# Html-Source über URL in einen String speichern?



## the_chaox (29. Jul 2005)

Hi zusammen!

Ich will den Quelltext einer bestimmten Seite in einen String speichern. 

Gibt es in der URL Klasse irgendeine Methode mit der ich das realisieren kann?
Also ich übergebe zum Beispiel die Adresse als Parameter und erhalten den Html-Quelltext der Site als String!

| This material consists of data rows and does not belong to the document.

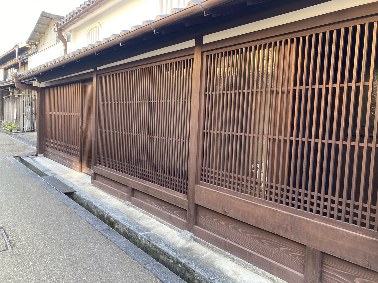 今井町には町並み保存を担当する役所機関があり、細やかな助言を受けています。配置計画、建物高さ、玄関戸の高さ、腰板の高さ、格子の間隔、格子の種類、仕上げ方法など、「今井町らしさ」を再現する寸法を具体的に教えていただきました。
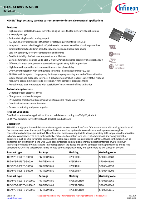 XENSIV™ - TLE4973-R120T5-U-S0010 high accuracy coreless current sensor with digital control and diagnostic interface in TISON package, UL certified device The Infineon XENSIV™ TLE4973-R120T5-S0010 is a current sensor with integrated current rail in 8x 8 mm SMD body which enables optical inspection in the assembly line. This sensor works at 5 V with up to ±132 A measurement range and provides an analog output with over current detection output. Digital control interface provides temperature readout, safety
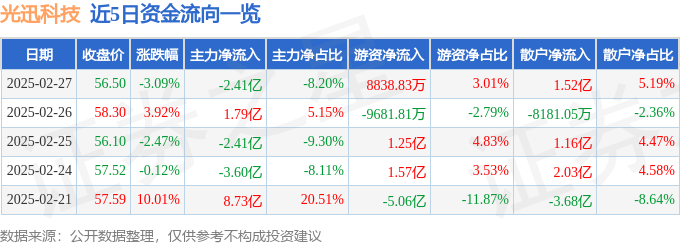 截至2025年2月27日收盘,光迅科技(002281)报收于56.5元,下跌3.09%,换手率6.66%,成交量51.49万手,成交额29.35亿元。
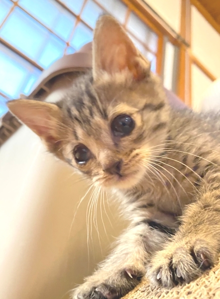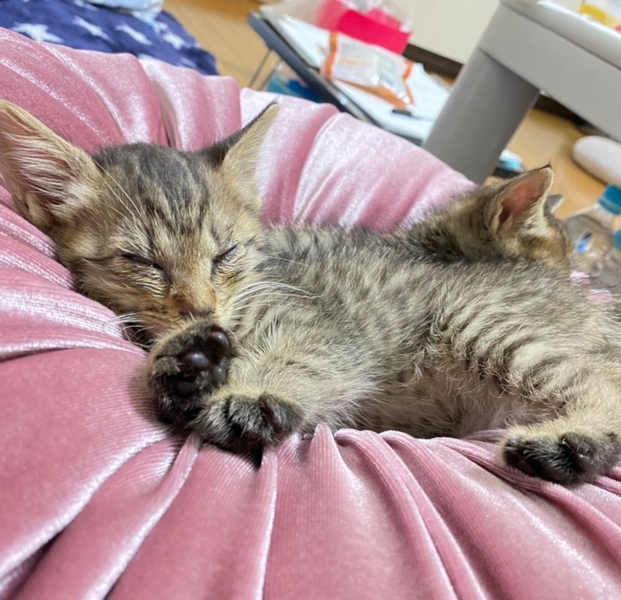 | 里親募集する理由 | 会社の倉庫内で生まれ、親子ともども猫風邪症状が酷かったためレスキューしました。 | ||
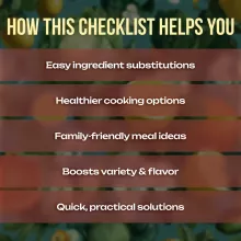 Make gluten-free cooking simple, delicious, and fun. Download your copy of the Gluten-Free Recipe Swaps checklist now and transform your kitchen with easy swaps that work every time!
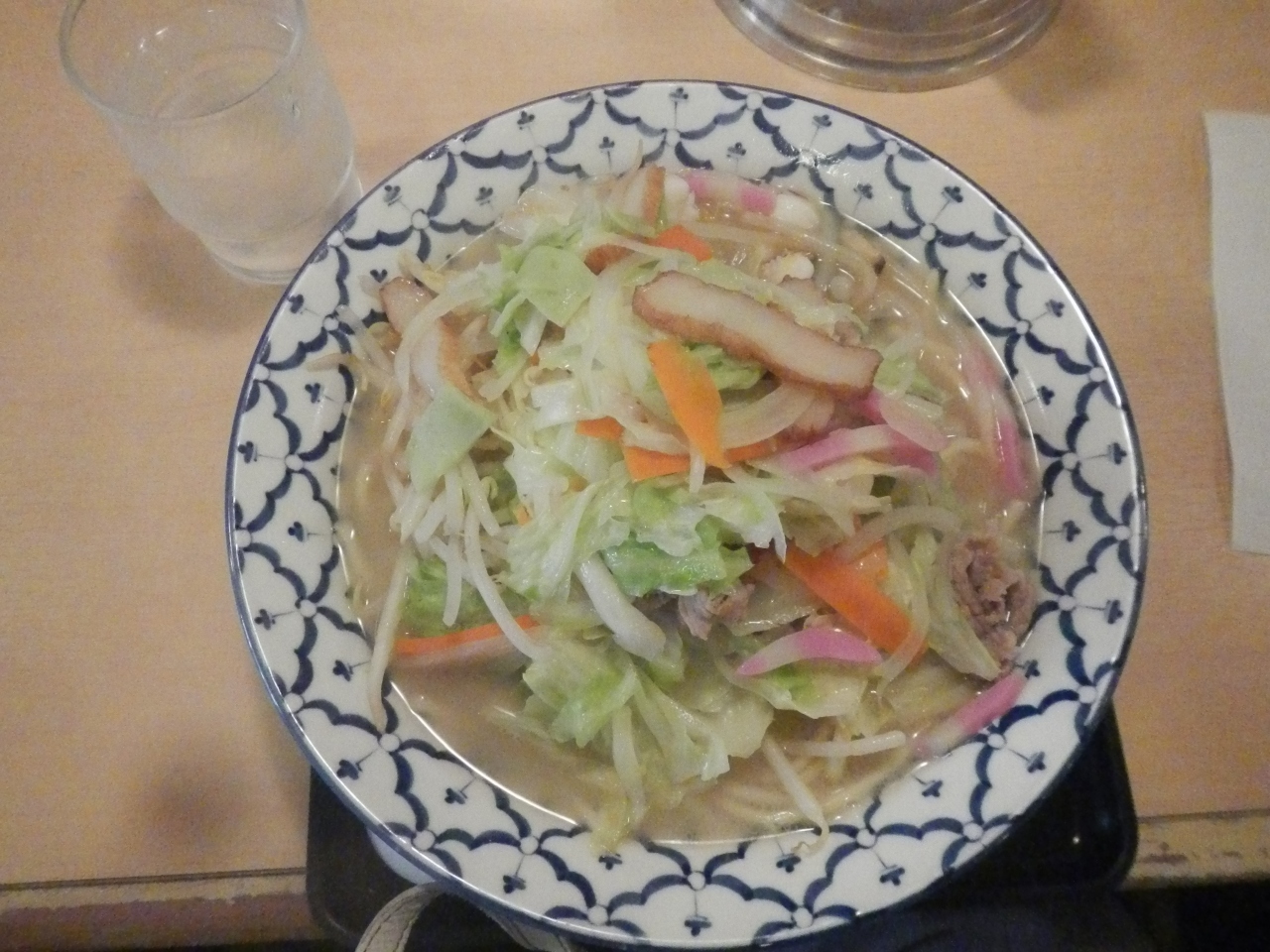 日本橋界隈で昼食を食べる。特にあてがあったわけではないが、「ちゃんぽん」の文字を見て入ってみた。表に野菜増無料の文字が見えた。
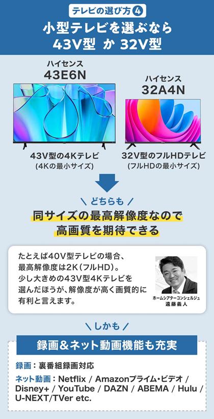まずはTVS REGZAに限らない基本的なテレビの選び方を確認してみましょう。これから選ぶならば、4Kテレビを検討すべきです。これから選ぶならば、まずは4Kテレビを検討すべきです。そのうえで高画質を求めるならば55V型以上がおすすめ。小さいテレビが欲しい場合の有力候補は43V型、さらに小さいテレビならば4Kよりも解像度が下がりますが32V型がおすすめです。
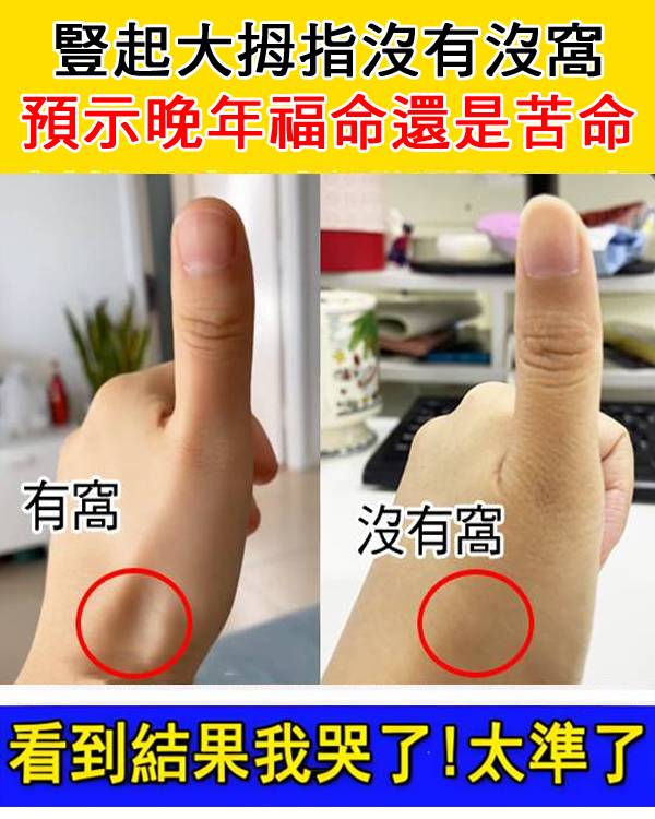 ✦【二、豎起大拇指 有窩:越老越順、福氣越來越厚】

Danke für Hilfe im voraus!


----------



## Fry (29. Jul 2005)

Hallo,

in der Klasse URL gibt es das IMHO nicht. Du kannst aber eine HttpURLConnection aufmachen und davon den Stream auslesen, den schreibst du dann zeilenweise in einen String. Würde ich jetzt mal so sagen  8) 

Fry


----------



## sisko78 (29. Jul 2005)

Mir fällt hierzu
URL#openStream
oder wie von Fry angedeutet, URL#openConnection + URLConnection#getInputStream
ein


----------



## the_chaox (29. Jul 2005)

Jo, hab`s jetzt, vielen Dank!

Aber jetzt hab ich folgendes problem:

Es geht um eine Site auf der ich zwar eingeloggt bin, wenn ich aber über das Java-Prog den Quelltext auslese, dann bin ich NICHT eingeloggt, logisch!
Kann ich jetzt irgendwie die Session-ID oder den Cookie mitschicken wenn ich die Site über das prog aufrufe damit er erkennt das ich eingeloggt bin?


----------



## Fry (29. Jul 2005)

Hey cool,

du sitzt an dem gleichem Prob wie ich auch   
Mal gucken ob du auch noch zu meinem Posting kommst  :wink: 

Bei meiner Seite ist es so, dass nach dem Einloggen eine Seite zurückgesendet wird, in der die Session ID steht. Wenn du weißt wie sie aufgebaut ist, kannst du die immer mit nem Pattern suchen (regex).
Also wieder Stream aufmachen und erstmal alles lesen was da kommt und dann mit Regular Expression durchsuchen.
Du mußt diese ID bestimmt dann weiter verwenden, oder?

Fry


----------



## the_chaox (29. Jul 2005)

Jep, die Session ID kann ich sowieso auslesen mit

.getHeaderFields()

Allerdings weiß ich jetzt nicht wie ich sie weiterverwenden soll, bzw. wie ich sie an den Host zurückschicke(?)!


----------



## the_chaox (29. Jul 2005)

Sorry für Doppelpost  :bae: 

Also, hier sind mal `n paar links zu dem Thema mit kleinen Beispielen, vielleicht steigst du da ja durch:

http://javaalmanac.com/egs/java.net...okie.html?l=rel
http://javaalmanac.com/egs/java.net...kies.html?l=rel
http://www.rgagnon.com/javadetails/java-0092.html


----------



## Fry (29. Jul 2005)

huhu,

also bei mir steht die im Text, aber ich habe eh mehr Probleme mit dem Feststellen wann die Seite komplett geladen ist  :lol: egal, bei deinen Links geht bei mir nur der letzte

Fry


----------



## Campino (29. Jul 2005)

huhu, 

wir arbeiten zu dritt ) alle am selben Problem(bereich), aber ich glaube, ihr habt mein spezielles Problem gelöst, also, ich sende per PostMethod (aus Jakarta httpclient-3.0)) Post Daten (eben einen Login) an ein serverside-script (vermutlich php, eventuell auch Python, aber das sollte doch egal sein, oder?). Wie kann ich jetzt die Seite, die ich als Antwort erhalte, auslesen (so, dass ich sie als String vorliegen habe)? Das öffnen eines Stream über die verwendete UrlConnection gibt eine andere Seite aus...


----------



## the_chaox (29. Jul 2005)

Uff, kann dir gerade nicht ganz folgen   :autsch: 

Also ich erhalte den Source-Code der angeforderten Seite als String, so wie es auch sein sollte, aber da mein Prog den Cookie nicht an die Seite mitsendet (genau DA ist mein Problem), erhalte ich nicht den Source den ich haben will sondern "bla bla bla, sie müssen eingeloggt sein um diese Seite zu betreten, bla bla bla"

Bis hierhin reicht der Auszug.